Di siang hari aku menghabiskan waktuku hanya dengan bermain game yang berada dalam telepon genggam yang kumiliki. Jennie dan Ela masih rutin menjengukku, tapi sayangnya batas waktu yang diberikan oleh petugas rumah sakit hanya 2 jam. Terkadang Lucas, Aksa dan Kenan juga datang ke rumah sakit untuk menjengukku. Oh iya, kalian harus berkenalan dengan Aksa dan Kenan! Mereka memiliki sifat yang sangat konyol dan lucu. Aksa pernah bilang kalau dia adalah raja ulat karena ulat akan berubah menjadi kupu-kupu yang indah layaknya Aksa yang ganteng, dia bilangnya sih begitu. Sedangkan dia menyebut aku, Ela dan Jennie dengan sebutan kadal karena porsi makan kami yang begitu besar dan tidak pemilih. Wah...pemikiran dia memang terlalu pendek dan tidak kritis. Terkadang aku tidak mengerti apa saja isi otak Aksa yang terlalu sederhana, otaknya lebih mirip dengan otak udang.
✨✨
Semua barang-barangku sudah dimasukkan ke dalam mobil. Mami menjemputku untuk mengantarku pulang. Sepertinya dokter sudah memberitahu mami kalau aku sudah boleh pulang hari ini, makanya dia bisa datang dan menjemputku. Mami menatapku dengan mata yang berkaca-kaca. "Mami aku udah sehat kok, gak perlu terharu gitu," kekehku saat melihat mata mami yang siap menjatuhkan cairan bening dalam satu kedipan.
"Mami cuma seneng aja bisa liat kamu sehat lagi." Mami mengusap puncak kepalaku pelan dengan penuh kasih sayang. "Aera," aku mendongakkan kepalaku dan menatap mami dengan penuh tanda tanya "Kenapa mi?"
"Nanti di rumah, mami mau ngomong sesuatu sama kamu."

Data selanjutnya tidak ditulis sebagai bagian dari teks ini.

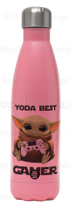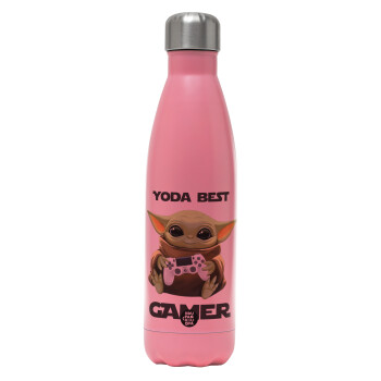 Yoda Best Gamer, Μεταλλικό παγούρι θερμός Ροζ Ματ (Stainless steel), διπλού τοιχώματος, 500ml
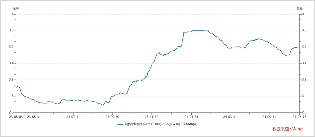 周期反转之下,存储芯片价格持续上涨。以DARM DDR4(16Gb)为例,价格从2023年9月低点的2.89美元上涨至如今的3.6美元,累计涨幅为25%。
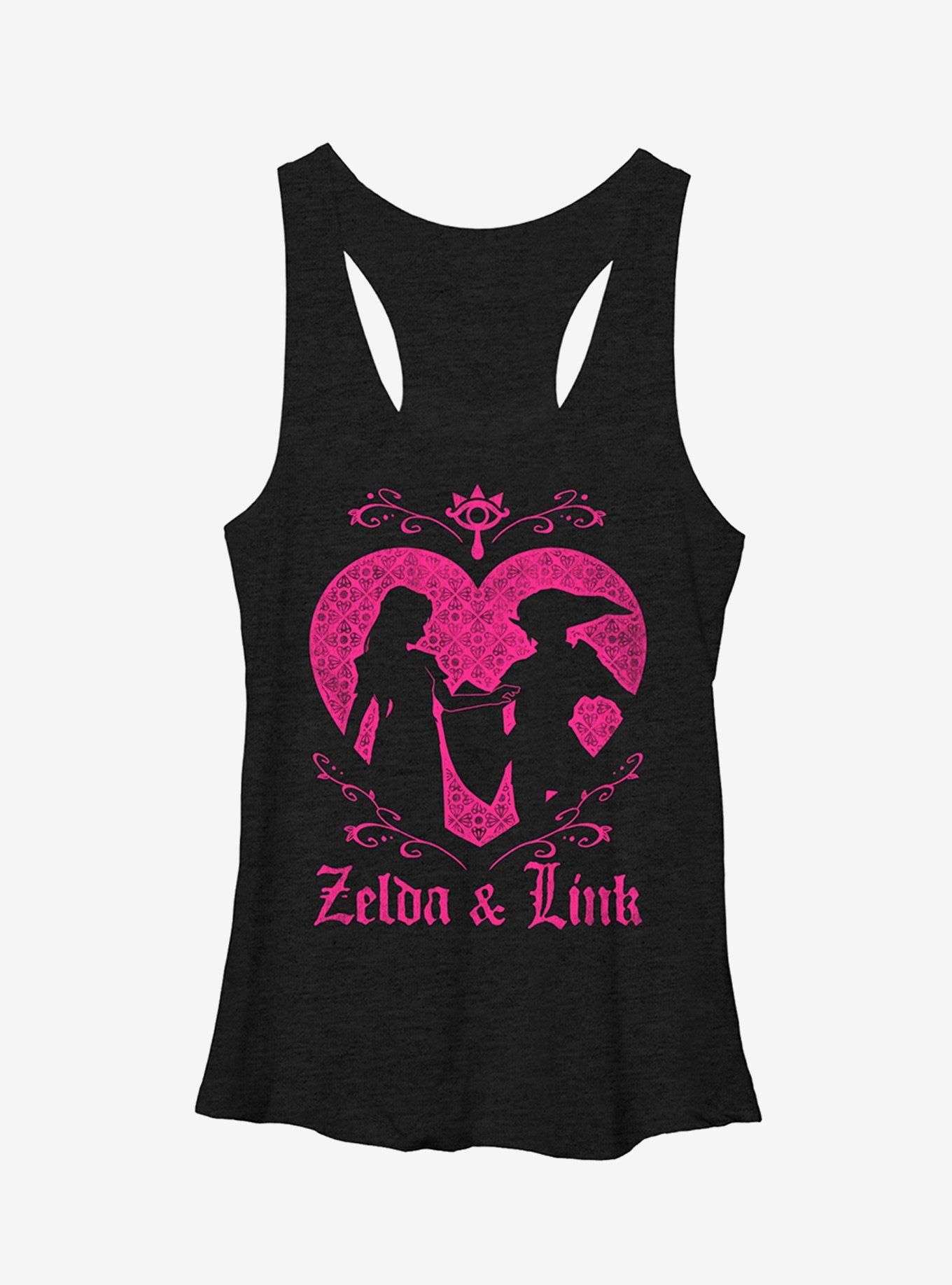 Celebrate adventures, heroes, and true love with the Nintendo Legend of Zelda Link Love Heather Black Racerback Tank Top! This soft and breathable black shirt reads "Zelda & Link" below a pink heart with the silhouettes of these two love birds. 50% Polyester, 25% Cotton, 25% Rayon. Designed with raw-edge hems.

Oh tidak! Apakah aku akan mendapatkan hukuman karena hal bodoh yang kulakukan? Kalau iya, aku harus mendapatkan perlindungan dari papa!Mobil kami sudah sampai didepan teras rumah. Dengan gerak cepat aku merogoh tas yang dari tadi kuselempangkan dan mengambil telepon genggamku. Aku mencari nomor papa dan menekan tombol call. Aku mengerutkan dahiku, ini aneh! Biasanya kalau aku menelepon papa, papa akan mengangkatnya pada dering ketiga, tapi kali ini hanya suara operator yang menjawab panggilanku. "Aera masuk," suara mami segera menginterupsi pergerakanku. Dengan enggan, aku melangkahkan kakiku untuk masuk ke dalam rumah. Mami menatapku dengan matanya yang tajam dan kemudian berubah menjadi sendu. "Mami kenapa?" ucapku sambil mengusap bahunya dengan lembut.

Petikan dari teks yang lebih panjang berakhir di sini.